(Beginning of Available data)
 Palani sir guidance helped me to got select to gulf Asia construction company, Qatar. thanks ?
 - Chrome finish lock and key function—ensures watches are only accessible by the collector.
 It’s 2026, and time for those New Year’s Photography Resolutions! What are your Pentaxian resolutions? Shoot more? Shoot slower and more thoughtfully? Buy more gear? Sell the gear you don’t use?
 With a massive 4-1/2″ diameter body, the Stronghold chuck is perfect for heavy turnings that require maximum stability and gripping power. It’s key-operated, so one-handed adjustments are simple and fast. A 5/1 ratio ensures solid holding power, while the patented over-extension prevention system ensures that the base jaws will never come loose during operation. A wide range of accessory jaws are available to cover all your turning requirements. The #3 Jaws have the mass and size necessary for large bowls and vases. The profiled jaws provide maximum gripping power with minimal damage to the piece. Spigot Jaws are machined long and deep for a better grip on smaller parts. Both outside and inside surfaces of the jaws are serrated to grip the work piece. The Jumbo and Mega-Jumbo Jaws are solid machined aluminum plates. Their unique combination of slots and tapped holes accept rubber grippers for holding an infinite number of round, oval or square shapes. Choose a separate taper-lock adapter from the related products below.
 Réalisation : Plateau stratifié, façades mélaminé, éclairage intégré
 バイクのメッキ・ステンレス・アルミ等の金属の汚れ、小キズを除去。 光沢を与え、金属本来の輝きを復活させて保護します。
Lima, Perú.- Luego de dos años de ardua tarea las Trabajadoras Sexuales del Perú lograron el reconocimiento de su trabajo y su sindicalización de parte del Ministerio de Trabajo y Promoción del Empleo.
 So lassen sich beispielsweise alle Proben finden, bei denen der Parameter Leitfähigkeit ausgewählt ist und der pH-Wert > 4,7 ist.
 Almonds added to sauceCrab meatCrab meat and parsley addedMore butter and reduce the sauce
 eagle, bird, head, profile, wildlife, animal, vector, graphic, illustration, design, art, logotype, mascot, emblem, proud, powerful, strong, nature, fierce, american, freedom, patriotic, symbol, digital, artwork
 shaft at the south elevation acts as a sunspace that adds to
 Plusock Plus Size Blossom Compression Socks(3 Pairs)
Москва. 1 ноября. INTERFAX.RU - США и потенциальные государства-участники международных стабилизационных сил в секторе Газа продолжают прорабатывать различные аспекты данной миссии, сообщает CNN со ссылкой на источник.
(End of Available data)
Task brief: An exact, complete copy of the lines above from the one with "Lima, Perú.- Luego" through the one with "Plusock Plus Size" is the whole answer.

Answer to the exercise:
Lima, Perú.- Luego de dos años de ardua tarea las Trabajadoras Sexuales del Perú lograron el reconocimiento de su trabajo y su sindicalización de parte del Ministerio de Trabajo y Promoción del Empleo.
 So lassen sich beispielsweise alle Proben finden, bei denen der Parameter Leitfähigkeit ausgewählt ist und der pH-Wert > 4,7 ist.
 Almonds added to sauceCrab meatCrab meat and parsley addedMore butter and reduce the sauce
 eagle, bird, head, profile, wildlife, animal, vector, graphic, illustration, design, art, logotype, mascot, emblem, proud, powerful, strong, nature, fierce, american, freedom, patriotic, symbol, digital, artwork
 shaft at the south elevation acts as a sunspace that adds to
 Plusock Plus Size Blossom Compression Socks(3 Pairs)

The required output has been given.